In (Kerns, S. et al.,(2015) we had experimentally determined the dependence of the observed rate of the P-transfer on the nature of the divalent metal, with Mg2+ being by far superior to the other divalent metals. We proposed that this majorly is an effect on the enthalpy of activation, that other divalent metals provide poor orbital overlap, in agreement with published work on P-transfer reactions that show selectivity for a specific metal.

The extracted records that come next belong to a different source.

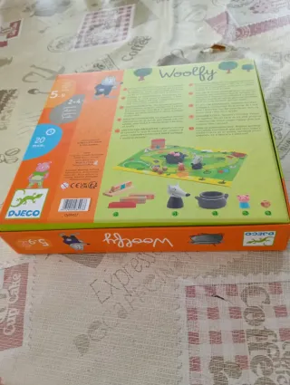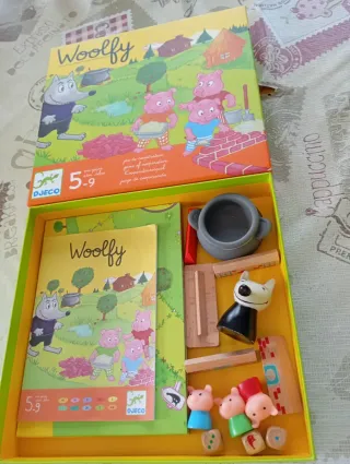Juego de mesa cooperativo Woolfy de Djeco, recomendado para niños de 5 a 9 años. Fomenta el trabajo en equipo y la estrategia. - Incluye tablero, figuras de cerditos y lobo, dados y otros componentes. - Diseño colorido y atractivo. - Ideal para partidas familiares.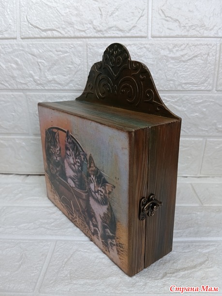 Вот почти и все, прикрутила петли, заказала другие и замочек. Натерла внешние стороны ключницы прозрачным воском, на следующий день отшлифовала шерстяной тряпочкой. На накладке по узору совсем деликатно прошлась бронзовым воском и по углам ключницы так же. Здесь лишнего блеска не нужно, работа сделана все таки в состаренной технике, но небольшие нюансы все таки захотелось подчеркнуть))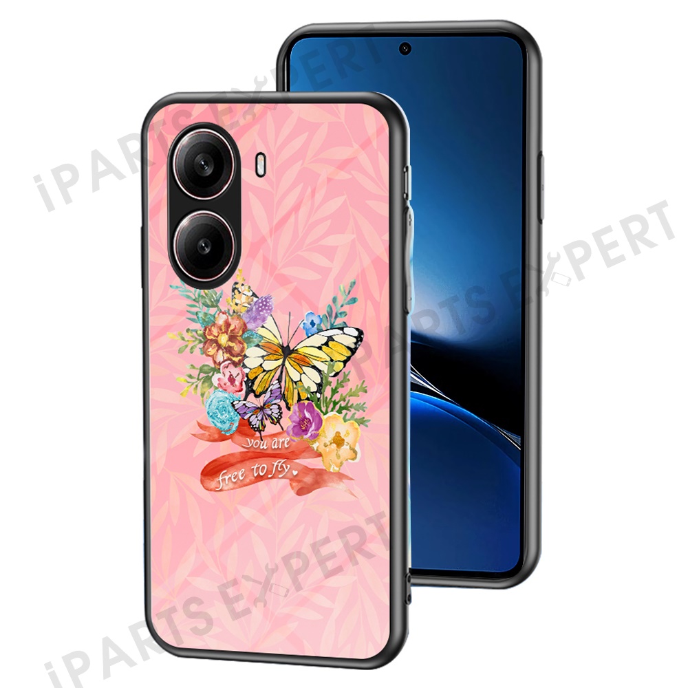 For Xiaomi Redmi Turbo 4 5G Case Butterfly Pattern TPU + Tempered Glass Protective Phone Cover - Flower Bush Butterfly

Please provide proper citations for SHAKE and WHAM.
The citations were added.
Reviewer #2 (Recommendations For The Authors):
The authors did not really address in the revised manuscript the main points of the previous review, which included examination of non-enzymatic reaction (via simulation, not measurement) and quantification of the connection between the reported wide TS ensemble and the increase in entropy (by additional simulations). The authors should also add reference to the AM1/d-PhoT model of Nam et al. which is now discussed.
QM/MM calculations for uncatazlysed phosphoryl-transfer reactions involving either diphosphates or triphosphates have been well documented in the literature showing narrow and symmetric TSE (Klahn et al., JACS 2006, 128 (47) 15310-15323; Cui Wang et al., JPCB 2015, 119(9), 3720-3726). We added these references to the revised manuscript.
The reference to AM1/d-PhoT model was added.
Reviewer #3 (Recommendations For The Authors):
In the revised ms, the authors indeed addressed many of the points raised in the previous round of review. In addition to the issue of TSE and committor mentioned above, another point that needs to be carefully explained is the very significant difference between umbrella sampling results and those in Fig. 1C - especially for the case without Mg2+ - the difference of more than 20 kcal/mol is not something that can be ignored at a qualitative level.
We thank the reviewer for pointing out that the difference in free energy profiles between umbrella sampling (US) and MSMD, especially in the case without Mg2+ needs to be addressed.
We believe that the key reason for this difference lies in the methodological approaches of these techniques.
Umbrella sampling is an equilibrium enhanced sampling method, that allows for a balanced and thorough exploration of the free energy landscape, the MSMD is a non-equilibrium method and estimation depends of the averaging scheme used and the number of trajectories. In the present work, the free energy was estimated using an exponential average. This averaging scheme has a slow convergence, small variance and may overestimate the free energy barrier, specially if the barrier as seen in the absence of Mg is quite high. This factor could explain the significant difference between umbrella sampling and MSMD combined with Jarzynski’s equality.
We have added new panels to Fig. 4 to compare the TSE from the more accurate umbrella sampling to the MSMD simulations, buttressing the validity of our original findings. We revised the manuscript discuss the differences between the MSMD and the umbrella sampling free energy profiles.